This repository contains the code for the TRAVIS model built for the PARSEME Shared Task 2020 on semisupervised identification of verbal multiword expressions. TRAVIS is a fully feature-independent model, relying only on the contextual embeddings. The model ranked second in the open track of the shared task, see (kurfali, 2020) for details.
TRAVIS is a tool for performing multi-word expression (MWE) identification via fine-tuning language models.
The shared task data used to train and evaluate TRAVIS can be obtained via:
git clone https://gitlab.com/parseme/sharedtask-data.git
TRAVIS models MWE identification as a token classification task. Therefore, it expects files with the standard "one token \t label" pair per line format where empty lines specify a new training instance. The .cupt files can be converted to desired format using
python utils/preprocess.py sharedtask-data_path/1.2 output_path target_language[optional]
Preprocess script will produce the corresponding csv files in the output_path.

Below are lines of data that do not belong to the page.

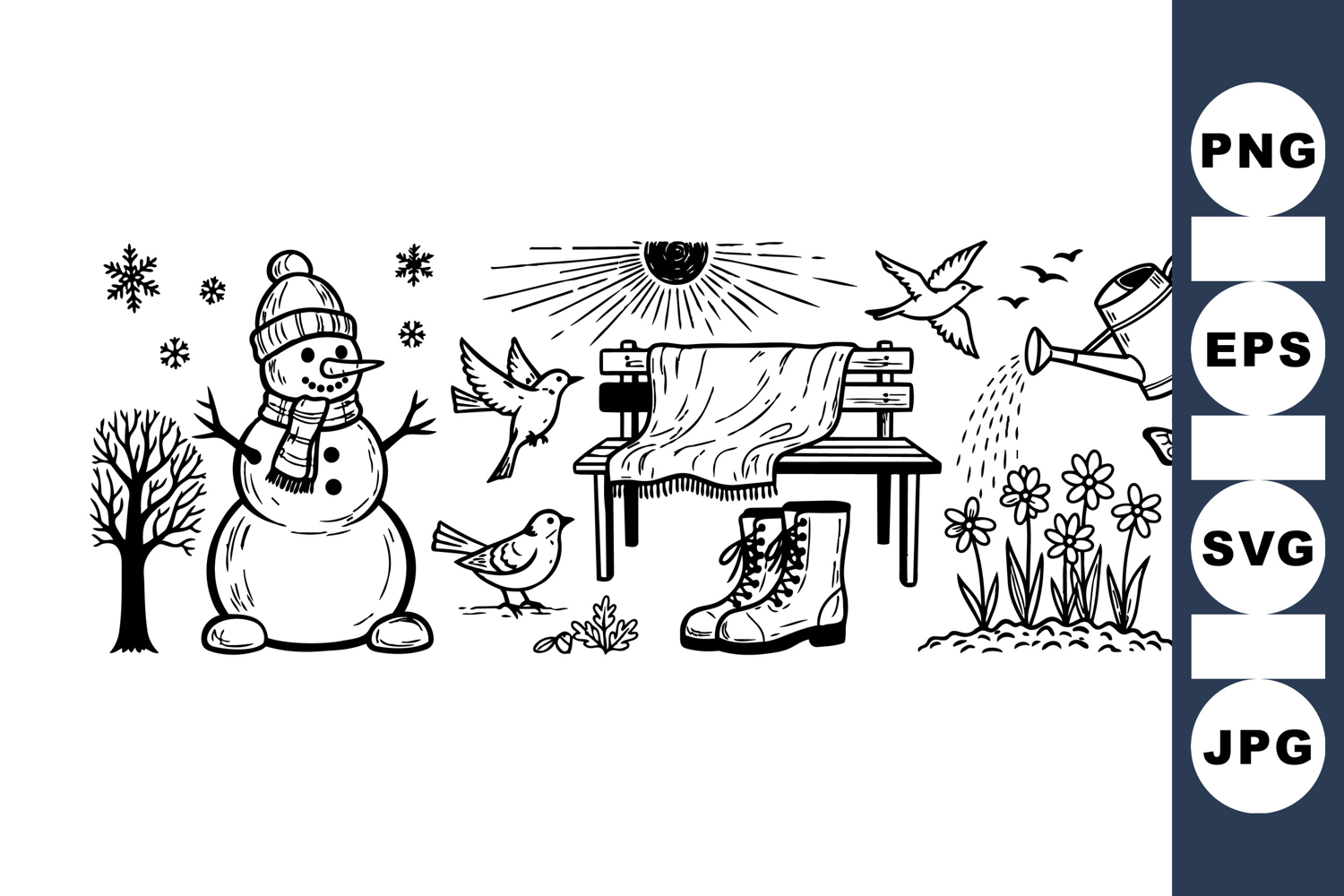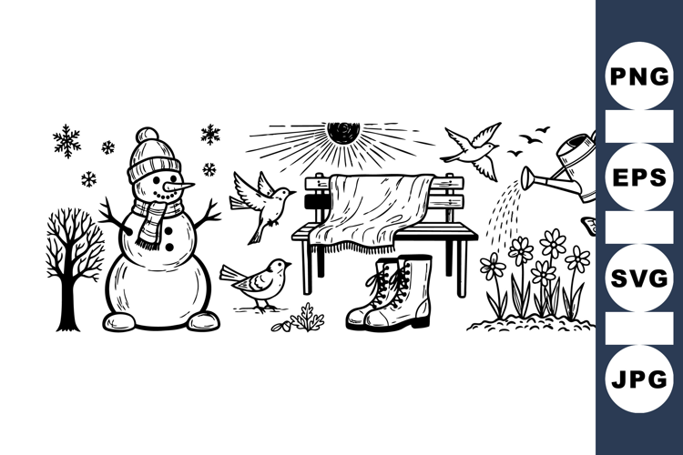 Snowflake Line Art Cute Winter Animals Spring Flower Bundle Winter Snowman Clipart Holiday Season Graphics Black White Sketch Garden Floral Illustrations Hand Drawn Winter Set Rustic Winter Elements Seasonal Garden Clipart
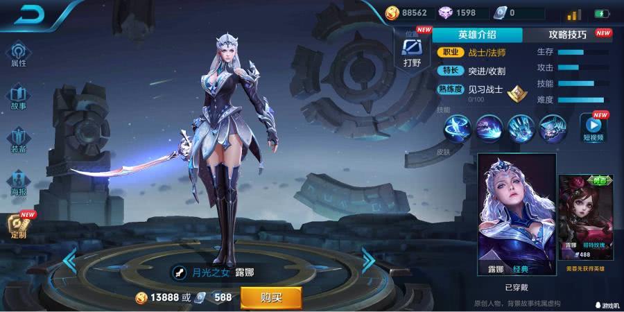 露娜的新建模大家应该看过很多遍了,这次的体验服更新把露娜的新封面也解禁了,身材、气质和以前的露娜大不同,感觉高贵了不少,和铠一看就是两兄妹……
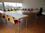 Im Obergeschoss liegen der Jugendraum sowie ein groĂer Schulungsraum.
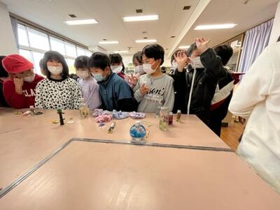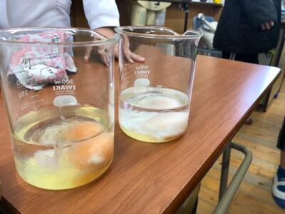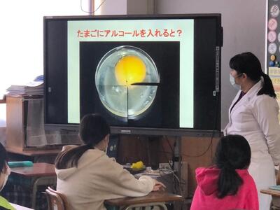 生卵にアルコールを入れるとどのように変化するのかという実験を子供たちの目の前でされたのですが、子供たちは真剣な表情でそれを見ていました。

Here is a sample script to train a model using TRAVIS:
python run_ner.py \
--data_dir path_to_data \
--lang "tr" \
--model_name_or_path dbmdz/bert-base-turkish-128k-cased \
--output_dir path_to_output_dir \
--max_seq_length 256 \
--num_train_epochs 3 \
--per_gpu_train_batch_size 16 \
--per_gpu_eval_batch_size 32 \
--do_train \
--do_eval \
--overwrite_output_dir
BERT fine-tuning procedure is known to be prone to variance; therefore, you may want to consider it to fine-tune it for several times with different seeds (see train.sh
).
In the shared task, we submitted the predictions of the model with the best performance on the development set out of four runs.
See run_experiments.sh
to run all the experiments described in the paper.

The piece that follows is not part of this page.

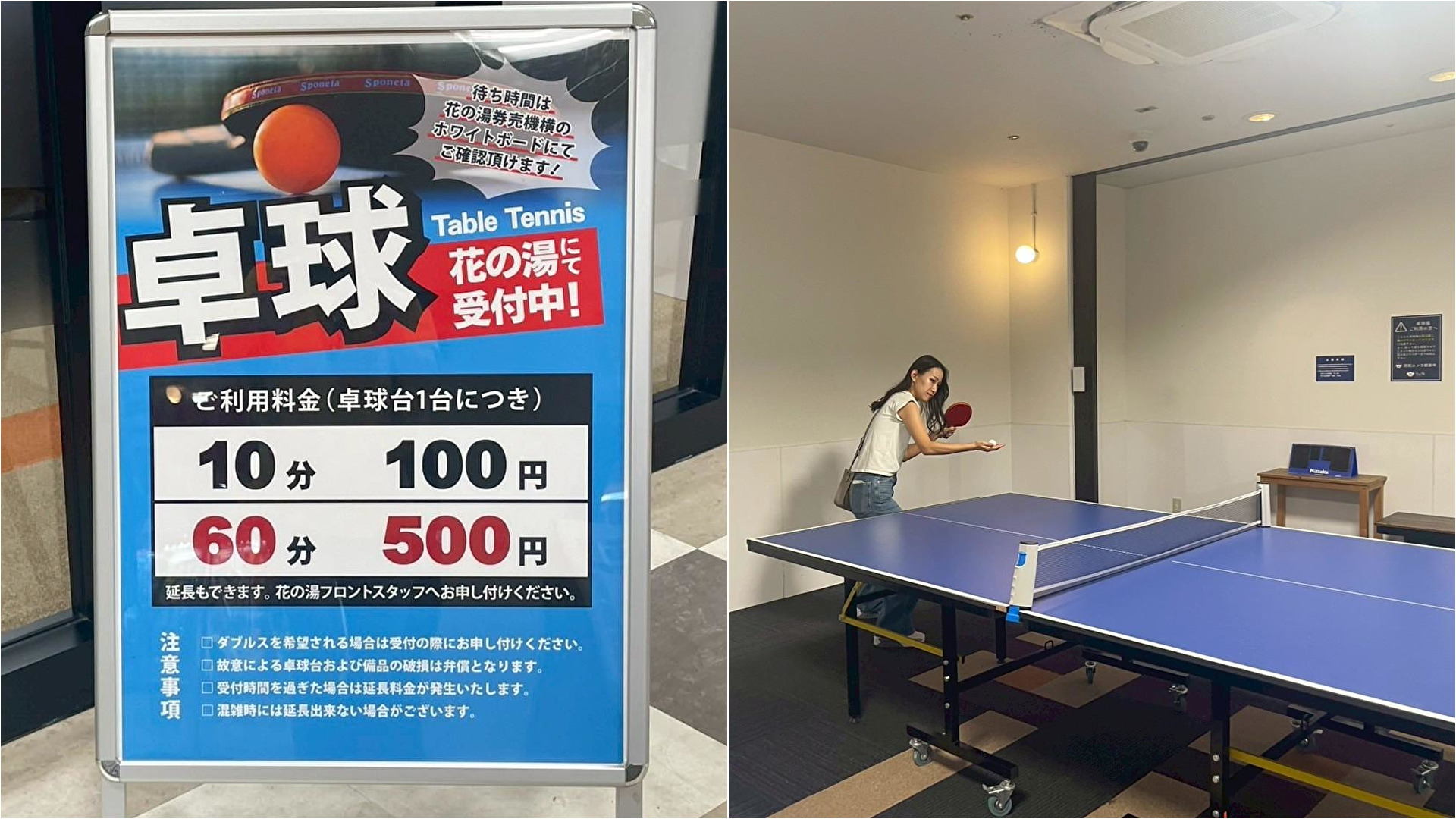 国民的湯上りスポーツ、卓球。花の湯で受付してくださいね。

To run a trained model on your validation file, you can use the following command (predict.sh):
python run_ner.py \
--data_dir path_to_data \
--model_name_or_path path_to_trained_model \
--output_dir path_to_trained_model \
--max_seq_length 512 \
--num_train_epochs 3 \
--per_gpu_eval_batch_size 32 \
--do_predict \
--predict_file path_to_target_file
The predictions of the model will be saved to the "predictions" folder. If no predict_file is provided, the prediction will be run on the original test file which is assumed to be in --data_dir.
The predictions on the shared task files can be converted back to the original .cupt format using
python utils/postprocess.py prediction_file_path original_cupt_file_path output_dir
If you use this resource, please consider citing
@inproceedings{kurfali2020travis,
title={TRAVIS at PARSEME Shared Task 2020: How good is (m) BERT at seeing the unseen?},
author={Kurfali, Murathan},
booktitle={International Conference on Computational Linguistics (COLING), Barcelona, Spain (Online), December 13, 2020},
pages={136--141},
year={2020}
}